Deeper architectures. VGGNets [11] and Inception models [5] showed that increasing the depth of a network could significantly increase the quality of representations that it was capable of learning. By regulating the distribution of the inputs to each layer, Batch Normalization (BN) [6] added stability to the learning process in deep networks and produced smoother optimisation surfaces [12]. Building on these works, ResNets demonstrated that it was possible to learn considerably deeper and stronger networks through the use of identity-based skip connections [13], [14]. Highway networks [15] introduced a gating mechanism to regulate the flow of information along shortcut connections. Following these works, there have been further reformulations of the connections between network layers [16], [17],which show promising improvements to the learning and representational properties of deep networks.

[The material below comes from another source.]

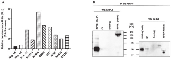 Further confirmation analyses were performed using co-immunoprecipitation (IP) followed by Western blotting using antibodies against INPPL1 and INHBA. These two partners were chosen based on the complementation assay results showing the weakest and strongest luminescence data for INPPL1 and INHBA, respectively. Following cotransfection of HEK cells with constructs of TRIB2 and either INPPL1 or INHBA, protein extracts were subjected to co-IP with anti-AcGFP antibodies followed by Western blot analyses with anti-INPPL1 or anti-INHBA. The results confirmed the presence of INPPL1 protein migrating at around 50 kDa in the sample subjected to co-IP while the protein extracts sample not subjected to co-IP showed the full size of INPPL1 migrating at around 160 kDa (Figure 1B, left panel). An additional band at around 100 kDa was also observed in the sample subjected to co-IP along with the 50 kDa band. This result suggests that INPPL1/SHIP2 could undergo cleavage to generate an active 50 kDa form from the 160 kDa form either prior or following interaction with TRIB2. A similar 51 kDa form of INPPL1/SHIP2 was previously reported and proposed to be the phosphorylated form of INPPL1 [20]. As expected, an empty vector used as negative control did not show any presence of INPPL1 protein expression (Figure 1B); however, the corpus luteum (CL) used as positive control did not show any INPPL1 protein presence either, although it was shown to express the strongest amount of INPPL1 mRNA. Likewise, INHBA was observed following Western blotting at around 50 kDa in the sample subjected to co-IP as well as in small follicle sample (SF) (Figure 1B, right panel). In the protein extracts sample not subjected to co-IP, INHBA was present at the expected size of 44 kDa, while the empty vector showed no INHBA protein (Figure 1B).

更深的架构。 VGGNets[11]和Inception模型[5]表明,增加网络深度可以显着提高其能够学习的表示质量。通过调节输入到每一层的分布,批归一化(BN)[6]为深度网络中的学习过程增加了稳定性,并产生了更平滑的优化表面[12]。在这些工作的基础上,ResNets证明了通过使用基于恒等映射的跳过连接来学习更深入,更强大的网络是可能的[13],[14]。公路网[15]引入了一种门控机制来调节沿快捷连接的信息流。在完成这些工作之后,网络层之间的连接有了进一步的重新设计[16],[17],这表明对深层网络的学习和表示特性有希望的改进。

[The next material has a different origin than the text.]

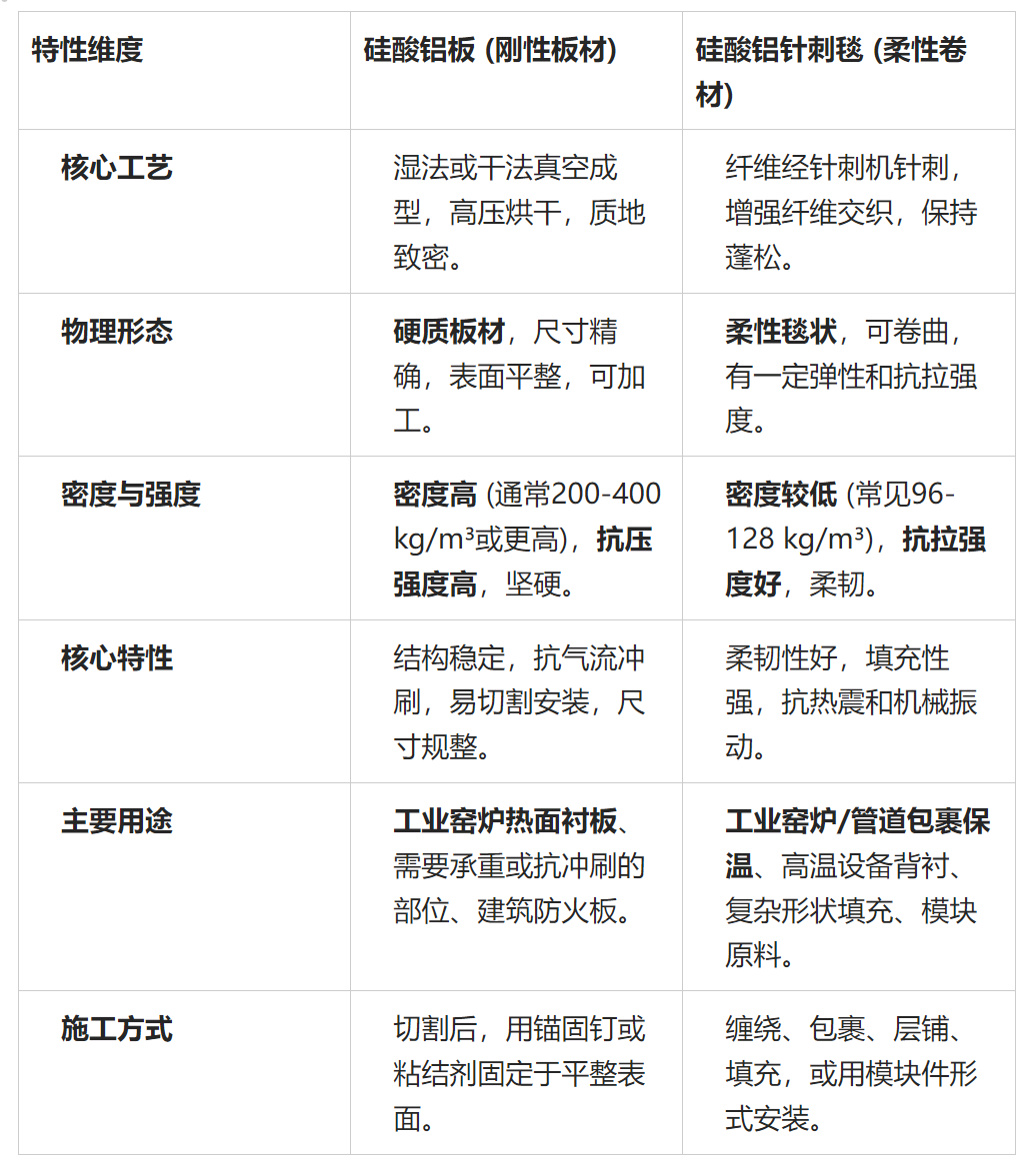 簡單來說,硅酸鋁板是“堅硬的隔熱磚”,而硅酸鋁針刺毯是“強韌的保溫被”。它們都以硅酸鋁纖維為原料,但通過截然不同的工藝制成,性能和應用場景區(qū)別很大。

An alternative, but closely related line of research has focused on methods to improve the functional form of the computational elements contained within a network. Grouped convolutions have proven to be a popular approach for increasing the cardinality of learned transformations [18], [19]. More flexible compositions of operators can be achieved with multi-branch convolutions [5], [6], [20], [21], which can be viewed as a natural extension of the grouping operator. In prior work, cross-channel correlations are typically mapped as new combinations of features, either independently of spatial structure [22], [23] or jointly by using standard convolutional filters [24] with 1 × 1 convolutions. Much of this research has concentrated on the objective of reducing model and computational complexity , reflecting an assumption that channel relationships can be formulated as a composition of instance-agnostic functions with local receptive fields. In contrast, we claim that providing the unit with a mechanism to explicitly model dynamic, non-linear dependencies between channels using global information can ease the learning process, and significantly enhance the representational power of the network.

替代性但紧密相关的研究领域集中在 改进网络中包含的计算元素的函数形式 的方法上。事实证明,分组卷积是增加学习转换的基数的一种流行方法[18],[19]。可以使用多分支卷积[5],[6],[20],[21]实现更灵活的运算符组合,这可以看作是分组运算的自然扩展。在现有技术中,跨通道相关性通常独立于空间结构[22],[23]或通过使用具有1×1卷积的标准卷积滤波器[24]共同映射为特征的新组合。这项研究的大部分集中在降低模型和计算复杂度的目标上,反映了一个假设,即可以将通道关系表示为具有局部接受野的实例不可知功能的组合。相反,我们声称为单元提供一种机制,可以使用全局信息对通道之间的动态,非线性依赖性进行显式建模,从而可以简化学习过程,并显着增强网络的表示能力。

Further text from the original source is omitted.